Well I used a 3 and a 4 gal/hr nozzle on my pre-compressor WI setup on a turbo that was rated with a max flow of 360 CFM. The 4 gal/hr was a bit too much, and the 3 seemed to be about right. Since I was pushing that turbo very hard a lot of that water went to cool the compressor discharge to sane levels.

In your case you have:
6.6 L displacement @ 30 psi, lets assume 4000 rpm --- engine needs about --

6.6 L = 403 CID x 2000/1728 = 466 CFM, at 30 psi equals a pressure ratio of `approx 2:1 . Your engine should need about 932 CFM at 4000 rpm or 64.3 lb/min of air flow. (this is air flow into the compressor inlet at atmospheric pressure).

Not sure what the VE for a diesel engine is so this is at 100% VE, for a gasonline engine you'd mulitply by about .85 to get a real world air flow.

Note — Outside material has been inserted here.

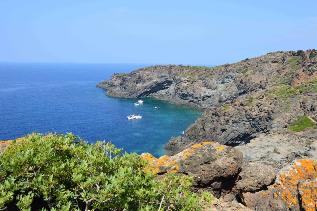 La Cala Cinque Denti ofrece uno de los paisajes más salvajes de la costa norte, una ensenada de aguas esmeralda protegida por acantilados que parecen tallados a mano. En el interior, la sorpresa es el Jardín Pantesco: una estructura circular de muros altos de piedra que protege a un único árbol de naranja del viento extremo, creando un microclima donde el aroma del azahar se concentra de forma casi mística.

If we do a quick on the napkin computation of the specific heat of that air flow we get:

64.3 lb/min x .024 btu/lb x 100 deg F delta T = 154.3 BTU/min deg F

Latent heat of water = 970 BTU/lb deg F at atmospheric pressure. (it will be a little lower at high pressure but this is close enough for a ball park computation).

To absorbe that heat flow you, would need to evaporate about 0.16 lb of water /min or 73 ml/min of water. That would be just over a 1 gal/hr water flow, or about the same as an Aquamist 0.4 mm nozzle at 40 psi line pressure.

Not trying to be condescending by working it out, but just wanted to show where the numbers were coming from, so everyone could follow the reasoning.